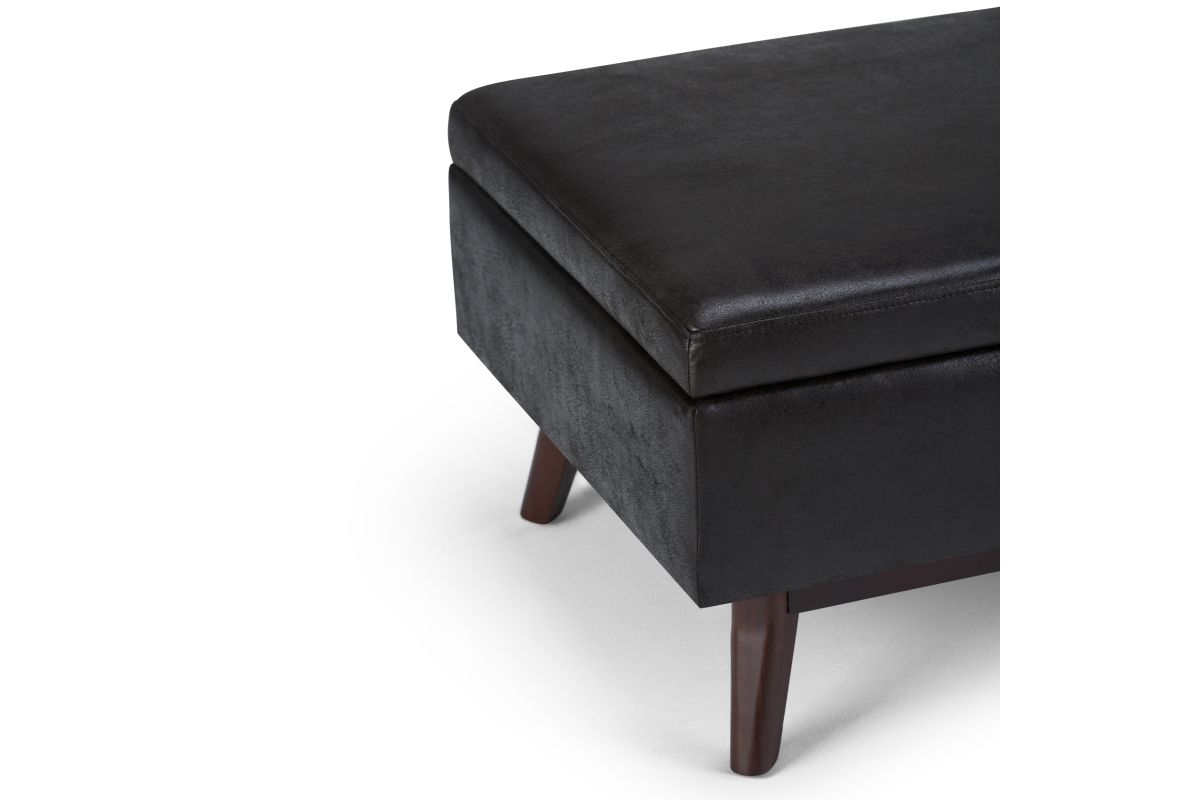 - Upholstered with a durable Distressed Black Vegan Faux Leather
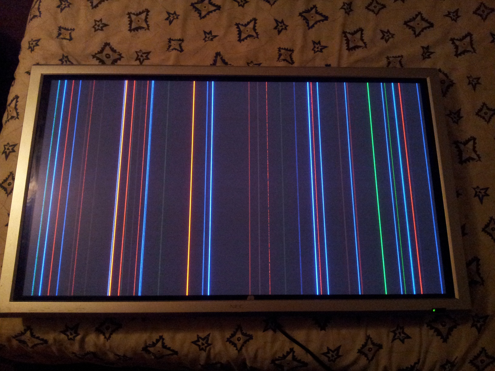 Thanks for the rapid reply on 8th Jan Tom, VERY much appreciated! Apologies for the slow 'thanks' and follow up. I thought I may aswell upload a .jpg of the TV switched on with no input just so you can confirm your fatal diagnosis. It's just the coloured lines (they're all stationary but some flicker) that are the issue when there's an input. Looks like I may be selling spares on eBay in the near future I fear... ;0(
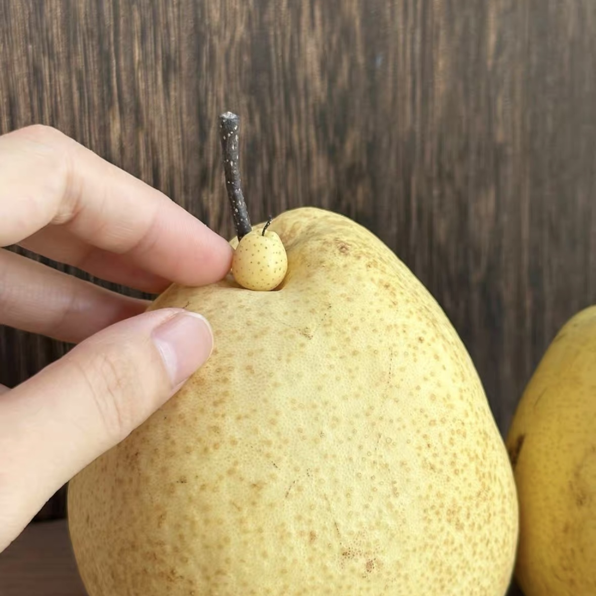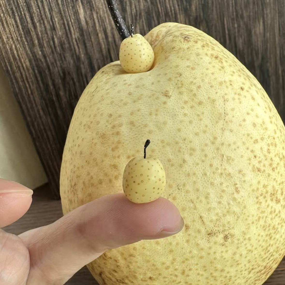 Discover a lifelike miniature pear handcrafted from polymer clay, measuring approximately 1cm. Each piece features realistic green and yellow shades with subtle texture details, making it perfect for dollhouse decoration, collectible displays, or tiny food props.
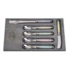- Includes one each: table fork, table knife, salad fork, coffee spoon, table spoon
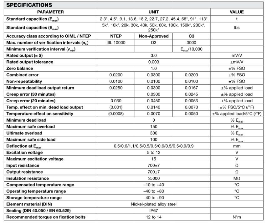 84150: DEB 9223-B10-50k 50000 lb 40 ft RTI 3mv/v 700 Ohm WW NTEP IIIL 10 M FM SST aXi廣州南創(chuàng)電子科技有限公司
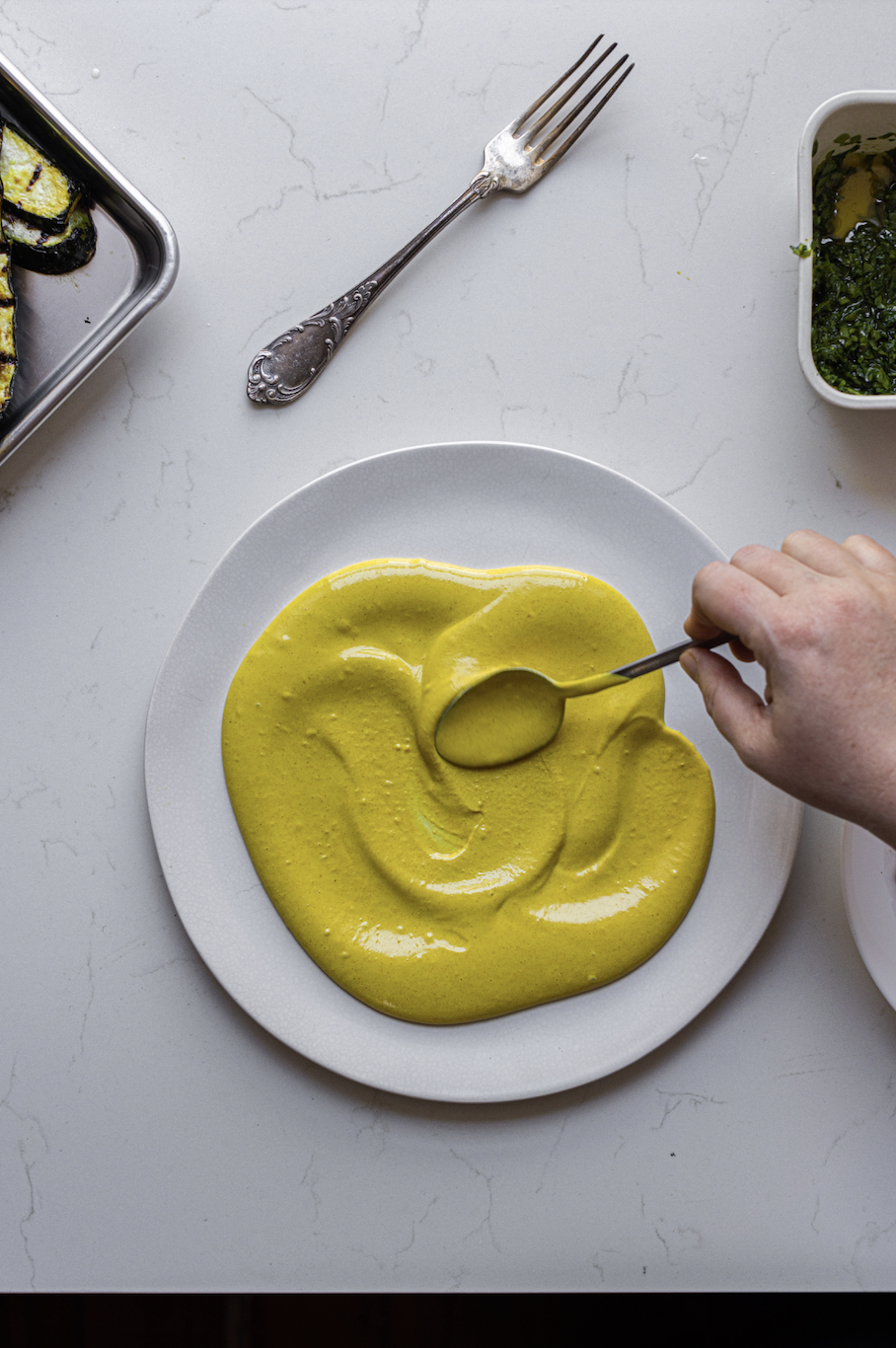 To prepare the tahini, in a medium bowl, whisk together the tahini paste, water, Preserved Lemon BBQ Sauce, turmeric (if using) and salt until fully combined. Taste and adjust the seasoning with BBQ sauce and salt.

--- The task ---
Starting at the line containing "- Includes one" and stopping at the line containing "84150: DEB 9223-B10-50k", output every line above exactly, both ends included, with pictures omitted.

--- Written answer ---
- Includes one each: table fork, table knife, salad fork, coffee spoon, table spoon
 84150: DEB 9223-B10-50k 50000 lb 40 ft RTI 3mv/v 700 Ohm WW NTEP IIIL 10 M FM SST aXi廣州南創(chuàng)電子科技有限公司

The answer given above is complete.